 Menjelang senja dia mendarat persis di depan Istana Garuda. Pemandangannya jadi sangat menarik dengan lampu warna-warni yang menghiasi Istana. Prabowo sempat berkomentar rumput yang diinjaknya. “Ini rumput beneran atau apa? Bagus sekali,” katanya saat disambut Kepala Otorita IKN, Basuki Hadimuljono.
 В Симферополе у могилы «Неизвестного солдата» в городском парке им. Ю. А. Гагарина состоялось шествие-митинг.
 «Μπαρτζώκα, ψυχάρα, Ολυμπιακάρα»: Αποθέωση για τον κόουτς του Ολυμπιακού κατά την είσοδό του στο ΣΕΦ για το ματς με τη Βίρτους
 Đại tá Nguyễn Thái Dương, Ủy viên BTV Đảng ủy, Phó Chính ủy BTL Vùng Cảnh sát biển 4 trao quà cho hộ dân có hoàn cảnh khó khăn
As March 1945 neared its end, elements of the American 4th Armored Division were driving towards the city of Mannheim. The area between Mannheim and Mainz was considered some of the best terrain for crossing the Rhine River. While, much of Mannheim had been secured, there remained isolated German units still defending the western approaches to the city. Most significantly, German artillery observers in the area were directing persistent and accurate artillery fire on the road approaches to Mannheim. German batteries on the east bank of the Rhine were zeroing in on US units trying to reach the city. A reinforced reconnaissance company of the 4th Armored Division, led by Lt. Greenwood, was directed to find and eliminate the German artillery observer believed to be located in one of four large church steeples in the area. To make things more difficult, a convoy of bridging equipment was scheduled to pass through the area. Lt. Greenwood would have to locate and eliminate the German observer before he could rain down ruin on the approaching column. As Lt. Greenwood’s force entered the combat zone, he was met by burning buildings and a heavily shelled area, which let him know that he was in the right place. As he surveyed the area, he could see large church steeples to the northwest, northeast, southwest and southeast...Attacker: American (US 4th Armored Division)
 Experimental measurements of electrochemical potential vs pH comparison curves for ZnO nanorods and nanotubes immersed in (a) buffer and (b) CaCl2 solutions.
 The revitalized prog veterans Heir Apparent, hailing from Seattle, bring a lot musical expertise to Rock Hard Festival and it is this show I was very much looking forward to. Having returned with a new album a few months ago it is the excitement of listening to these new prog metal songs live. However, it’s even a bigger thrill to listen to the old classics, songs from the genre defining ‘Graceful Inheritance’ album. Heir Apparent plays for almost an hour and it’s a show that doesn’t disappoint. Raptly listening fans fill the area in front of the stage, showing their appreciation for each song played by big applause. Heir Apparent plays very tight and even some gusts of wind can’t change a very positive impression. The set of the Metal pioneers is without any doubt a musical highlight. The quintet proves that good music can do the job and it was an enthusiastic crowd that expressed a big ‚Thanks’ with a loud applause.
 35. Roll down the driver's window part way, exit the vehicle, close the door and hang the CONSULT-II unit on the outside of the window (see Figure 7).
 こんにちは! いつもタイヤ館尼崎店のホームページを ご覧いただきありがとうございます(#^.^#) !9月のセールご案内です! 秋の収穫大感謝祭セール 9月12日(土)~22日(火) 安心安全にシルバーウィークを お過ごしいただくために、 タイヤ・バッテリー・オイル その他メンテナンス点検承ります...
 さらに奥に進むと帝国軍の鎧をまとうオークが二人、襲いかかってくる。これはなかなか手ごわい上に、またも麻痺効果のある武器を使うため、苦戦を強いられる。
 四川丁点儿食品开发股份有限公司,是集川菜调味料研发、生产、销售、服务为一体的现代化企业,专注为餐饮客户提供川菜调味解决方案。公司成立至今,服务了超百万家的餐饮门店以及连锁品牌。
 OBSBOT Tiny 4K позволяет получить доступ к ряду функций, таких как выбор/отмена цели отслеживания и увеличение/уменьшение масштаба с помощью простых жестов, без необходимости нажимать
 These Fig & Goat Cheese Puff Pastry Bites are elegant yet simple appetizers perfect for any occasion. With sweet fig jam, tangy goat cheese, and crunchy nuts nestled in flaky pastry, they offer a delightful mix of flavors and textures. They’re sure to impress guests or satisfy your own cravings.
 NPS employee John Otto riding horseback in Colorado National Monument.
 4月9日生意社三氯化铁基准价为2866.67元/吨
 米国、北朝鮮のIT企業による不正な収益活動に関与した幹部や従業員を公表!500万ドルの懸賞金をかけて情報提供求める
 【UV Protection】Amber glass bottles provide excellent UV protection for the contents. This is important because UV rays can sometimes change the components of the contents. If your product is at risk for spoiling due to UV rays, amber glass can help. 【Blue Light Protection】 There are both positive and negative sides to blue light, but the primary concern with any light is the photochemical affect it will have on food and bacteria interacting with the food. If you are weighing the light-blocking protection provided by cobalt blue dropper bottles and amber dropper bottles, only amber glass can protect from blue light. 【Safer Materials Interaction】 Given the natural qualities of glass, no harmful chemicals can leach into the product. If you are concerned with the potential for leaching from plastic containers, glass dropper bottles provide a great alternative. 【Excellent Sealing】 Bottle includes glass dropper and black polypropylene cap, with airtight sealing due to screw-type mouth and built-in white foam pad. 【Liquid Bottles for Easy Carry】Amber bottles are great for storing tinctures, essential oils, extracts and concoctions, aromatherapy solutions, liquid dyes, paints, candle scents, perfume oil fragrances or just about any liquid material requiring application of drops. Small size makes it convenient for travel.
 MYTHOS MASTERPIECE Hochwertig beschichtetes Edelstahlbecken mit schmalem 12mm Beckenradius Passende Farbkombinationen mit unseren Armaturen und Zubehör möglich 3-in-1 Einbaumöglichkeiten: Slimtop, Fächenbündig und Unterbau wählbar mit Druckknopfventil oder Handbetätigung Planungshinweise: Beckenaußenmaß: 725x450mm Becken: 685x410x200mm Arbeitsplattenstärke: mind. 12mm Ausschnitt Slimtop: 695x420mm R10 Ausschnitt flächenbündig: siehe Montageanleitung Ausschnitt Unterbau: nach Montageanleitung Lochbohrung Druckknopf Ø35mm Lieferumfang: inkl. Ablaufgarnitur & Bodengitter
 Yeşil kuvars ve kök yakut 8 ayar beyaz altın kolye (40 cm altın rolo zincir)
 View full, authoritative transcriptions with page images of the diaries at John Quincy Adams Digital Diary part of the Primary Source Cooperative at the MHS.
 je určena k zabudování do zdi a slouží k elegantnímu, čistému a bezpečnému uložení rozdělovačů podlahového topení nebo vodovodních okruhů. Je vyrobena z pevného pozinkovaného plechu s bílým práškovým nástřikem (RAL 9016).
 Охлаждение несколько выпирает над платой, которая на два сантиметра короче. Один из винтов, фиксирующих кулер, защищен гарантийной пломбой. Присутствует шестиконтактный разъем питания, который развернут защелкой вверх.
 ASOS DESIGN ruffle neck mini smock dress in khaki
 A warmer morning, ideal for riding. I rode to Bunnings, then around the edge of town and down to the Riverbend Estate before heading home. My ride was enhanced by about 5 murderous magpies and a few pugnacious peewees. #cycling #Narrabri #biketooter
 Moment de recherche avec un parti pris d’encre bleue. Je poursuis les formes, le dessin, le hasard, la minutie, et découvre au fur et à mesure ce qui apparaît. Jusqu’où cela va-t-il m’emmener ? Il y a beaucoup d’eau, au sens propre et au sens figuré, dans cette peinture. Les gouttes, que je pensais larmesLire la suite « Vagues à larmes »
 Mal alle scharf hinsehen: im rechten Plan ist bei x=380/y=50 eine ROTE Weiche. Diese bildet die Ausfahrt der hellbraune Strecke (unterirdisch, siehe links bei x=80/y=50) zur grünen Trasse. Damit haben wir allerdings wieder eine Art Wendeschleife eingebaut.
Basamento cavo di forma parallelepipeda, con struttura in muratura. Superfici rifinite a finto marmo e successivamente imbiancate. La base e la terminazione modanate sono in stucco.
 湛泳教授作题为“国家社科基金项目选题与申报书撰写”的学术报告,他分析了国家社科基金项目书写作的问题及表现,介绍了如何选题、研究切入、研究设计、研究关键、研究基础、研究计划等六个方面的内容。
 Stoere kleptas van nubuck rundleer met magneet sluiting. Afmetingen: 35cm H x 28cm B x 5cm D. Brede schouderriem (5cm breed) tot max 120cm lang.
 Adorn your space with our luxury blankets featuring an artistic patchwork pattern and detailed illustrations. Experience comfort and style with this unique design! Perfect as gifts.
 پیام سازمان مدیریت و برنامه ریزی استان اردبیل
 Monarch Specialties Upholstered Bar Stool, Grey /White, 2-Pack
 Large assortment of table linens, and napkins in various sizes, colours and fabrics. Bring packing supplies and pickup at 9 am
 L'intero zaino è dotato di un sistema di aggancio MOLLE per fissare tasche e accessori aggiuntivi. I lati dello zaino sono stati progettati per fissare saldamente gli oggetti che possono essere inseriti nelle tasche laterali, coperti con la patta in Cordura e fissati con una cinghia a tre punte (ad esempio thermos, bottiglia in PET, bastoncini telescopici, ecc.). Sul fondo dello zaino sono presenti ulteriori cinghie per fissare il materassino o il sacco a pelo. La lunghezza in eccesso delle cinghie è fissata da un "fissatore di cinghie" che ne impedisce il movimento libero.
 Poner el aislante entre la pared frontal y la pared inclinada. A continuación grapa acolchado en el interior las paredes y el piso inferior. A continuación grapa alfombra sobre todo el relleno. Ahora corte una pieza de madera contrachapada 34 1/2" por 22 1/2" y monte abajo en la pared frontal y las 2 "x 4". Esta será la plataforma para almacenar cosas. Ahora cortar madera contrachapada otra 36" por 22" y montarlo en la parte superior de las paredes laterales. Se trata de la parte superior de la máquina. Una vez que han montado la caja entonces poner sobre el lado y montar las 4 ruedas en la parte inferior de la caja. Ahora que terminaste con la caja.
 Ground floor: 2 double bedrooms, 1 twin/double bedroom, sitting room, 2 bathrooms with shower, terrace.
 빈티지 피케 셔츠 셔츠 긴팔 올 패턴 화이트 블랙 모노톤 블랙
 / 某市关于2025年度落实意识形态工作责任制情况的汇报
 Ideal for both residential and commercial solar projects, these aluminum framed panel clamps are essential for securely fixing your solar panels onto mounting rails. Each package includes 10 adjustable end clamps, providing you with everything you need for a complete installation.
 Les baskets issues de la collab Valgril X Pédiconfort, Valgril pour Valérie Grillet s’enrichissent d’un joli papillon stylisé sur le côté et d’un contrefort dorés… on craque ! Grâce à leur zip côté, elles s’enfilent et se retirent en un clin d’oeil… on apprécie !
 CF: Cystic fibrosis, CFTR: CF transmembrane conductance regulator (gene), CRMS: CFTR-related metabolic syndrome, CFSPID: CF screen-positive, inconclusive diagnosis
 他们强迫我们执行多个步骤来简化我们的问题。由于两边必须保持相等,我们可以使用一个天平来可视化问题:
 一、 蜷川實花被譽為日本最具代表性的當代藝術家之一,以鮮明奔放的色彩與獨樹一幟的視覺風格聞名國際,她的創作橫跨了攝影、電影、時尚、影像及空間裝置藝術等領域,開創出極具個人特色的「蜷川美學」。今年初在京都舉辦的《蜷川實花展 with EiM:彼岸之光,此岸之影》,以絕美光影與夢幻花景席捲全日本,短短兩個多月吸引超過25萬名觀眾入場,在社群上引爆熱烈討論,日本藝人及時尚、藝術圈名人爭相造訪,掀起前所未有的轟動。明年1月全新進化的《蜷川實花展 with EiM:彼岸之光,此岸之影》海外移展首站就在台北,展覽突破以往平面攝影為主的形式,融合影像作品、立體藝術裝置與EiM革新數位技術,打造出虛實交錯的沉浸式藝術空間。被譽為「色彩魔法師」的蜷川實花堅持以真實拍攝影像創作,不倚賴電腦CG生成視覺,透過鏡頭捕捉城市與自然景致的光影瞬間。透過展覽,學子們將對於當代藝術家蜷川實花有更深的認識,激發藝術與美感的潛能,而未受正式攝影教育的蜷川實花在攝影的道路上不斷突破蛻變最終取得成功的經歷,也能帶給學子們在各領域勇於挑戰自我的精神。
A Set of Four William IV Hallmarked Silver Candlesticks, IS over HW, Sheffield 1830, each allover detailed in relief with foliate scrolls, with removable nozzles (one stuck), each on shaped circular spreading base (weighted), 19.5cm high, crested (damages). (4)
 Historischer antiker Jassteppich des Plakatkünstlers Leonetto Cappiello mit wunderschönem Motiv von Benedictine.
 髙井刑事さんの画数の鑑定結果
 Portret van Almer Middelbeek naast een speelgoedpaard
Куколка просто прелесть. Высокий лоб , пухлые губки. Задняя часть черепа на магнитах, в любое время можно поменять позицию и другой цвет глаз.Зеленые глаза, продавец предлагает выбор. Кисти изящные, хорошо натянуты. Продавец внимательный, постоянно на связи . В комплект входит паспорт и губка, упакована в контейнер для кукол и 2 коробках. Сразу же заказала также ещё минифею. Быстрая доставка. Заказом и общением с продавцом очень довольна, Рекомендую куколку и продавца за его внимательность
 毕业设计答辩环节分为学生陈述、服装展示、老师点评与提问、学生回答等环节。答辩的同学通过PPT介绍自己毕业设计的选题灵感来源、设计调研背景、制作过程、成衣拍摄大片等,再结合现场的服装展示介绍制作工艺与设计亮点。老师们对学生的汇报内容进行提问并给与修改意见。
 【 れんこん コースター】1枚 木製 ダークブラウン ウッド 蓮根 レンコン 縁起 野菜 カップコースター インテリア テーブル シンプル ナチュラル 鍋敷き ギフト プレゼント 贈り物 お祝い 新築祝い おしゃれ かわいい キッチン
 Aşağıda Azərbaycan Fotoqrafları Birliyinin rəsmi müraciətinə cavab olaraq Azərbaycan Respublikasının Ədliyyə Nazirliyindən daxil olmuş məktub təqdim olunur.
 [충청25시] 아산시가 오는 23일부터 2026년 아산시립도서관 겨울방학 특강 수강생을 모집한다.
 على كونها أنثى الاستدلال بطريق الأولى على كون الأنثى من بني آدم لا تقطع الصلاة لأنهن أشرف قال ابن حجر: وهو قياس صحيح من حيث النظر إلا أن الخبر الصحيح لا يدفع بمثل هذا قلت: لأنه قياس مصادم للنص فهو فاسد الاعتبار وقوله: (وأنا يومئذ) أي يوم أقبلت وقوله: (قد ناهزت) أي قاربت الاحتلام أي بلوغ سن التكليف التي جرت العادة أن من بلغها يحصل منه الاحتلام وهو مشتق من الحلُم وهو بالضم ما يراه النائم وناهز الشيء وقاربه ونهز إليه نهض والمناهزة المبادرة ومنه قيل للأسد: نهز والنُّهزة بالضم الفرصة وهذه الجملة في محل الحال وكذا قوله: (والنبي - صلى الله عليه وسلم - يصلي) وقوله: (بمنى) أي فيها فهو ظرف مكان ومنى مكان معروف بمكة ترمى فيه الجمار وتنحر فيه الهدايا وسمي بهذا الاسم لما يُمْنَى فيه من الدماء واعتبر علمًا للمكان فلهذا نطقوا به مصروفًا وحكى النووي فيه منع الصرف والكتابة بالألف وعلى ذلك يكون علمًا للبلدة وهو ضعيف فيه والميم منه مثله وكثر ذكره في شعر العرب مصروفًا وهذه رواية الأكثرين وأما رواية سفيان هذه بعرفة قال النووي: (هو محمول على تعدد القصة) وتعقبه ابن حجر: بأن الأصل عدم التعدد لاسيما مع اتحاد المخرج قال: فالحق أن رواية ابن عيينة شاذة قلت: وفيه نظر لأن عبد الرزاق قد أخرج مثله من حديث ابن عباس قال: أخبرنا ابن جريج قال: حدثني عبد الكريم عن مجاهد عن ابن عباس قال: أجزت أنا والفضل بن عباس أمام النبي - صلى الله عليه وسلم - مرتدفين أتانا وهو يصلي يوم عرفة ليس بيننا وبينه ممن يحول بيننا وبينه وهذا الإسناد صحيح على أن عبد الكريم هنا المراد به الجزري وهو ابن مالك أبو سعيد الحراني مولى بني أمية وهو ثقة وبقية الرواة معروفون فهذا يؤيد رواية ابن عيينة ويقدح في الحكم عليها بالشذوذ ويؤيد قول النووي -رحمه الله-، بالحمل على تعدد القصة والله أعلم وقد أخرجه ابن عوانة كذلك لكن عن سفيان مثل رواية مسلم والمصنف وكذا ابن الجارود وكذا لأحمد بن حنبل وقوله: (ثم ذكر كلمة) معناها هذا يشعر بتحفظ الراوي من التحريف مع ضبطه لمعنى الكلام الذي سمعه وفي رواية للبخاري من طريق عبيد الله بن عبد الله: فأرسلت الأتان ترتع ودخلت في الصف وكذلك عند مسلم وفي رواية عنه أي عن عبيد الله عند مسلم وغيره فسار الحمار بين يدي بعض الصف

════════════════

YOUR ASSIGNMENT =>
The answer is the lines above between the line holding "View full, authoritative" and the line holding "A warmer morning, ideal", inclusive, each written out exactly, and no others.

WRITTEN REPLY =>
 View full, authoritative transcriptions with page images of the diaries at John Quincy Adams Digital Diary part of the Primary Source Cooperative at the MHS.
 je určena k zabudování do zdi a slouží k elegantnímu, čistému a bezpečnému uložení rozdělovačů podlahového topení nebo vodovodních okruhů. Je vyrobena z pevného pozinkovaného plechu s bílým práškovým nástřikem (RAL 9016).
 Охлаждение несколько выпирает над платой, которая на два сантиметра короче. Один из винтов, фиксирующих кулер, защищен гарантийной пломбой. Присутствует шестиконтактный разъем питания, который развернут защелкой вверх.
 ASOS DESIGN ruffle neck mini smock dress in khaki
 A warmer morning, ideal for riding. I rode to Bunnings, then around the edge of town and down to the Riverbend Estate before heading home. My ride was enhanced by about 5 murderous magpies and a few pugnacious peewees. #cycling #Narrabri #biketooter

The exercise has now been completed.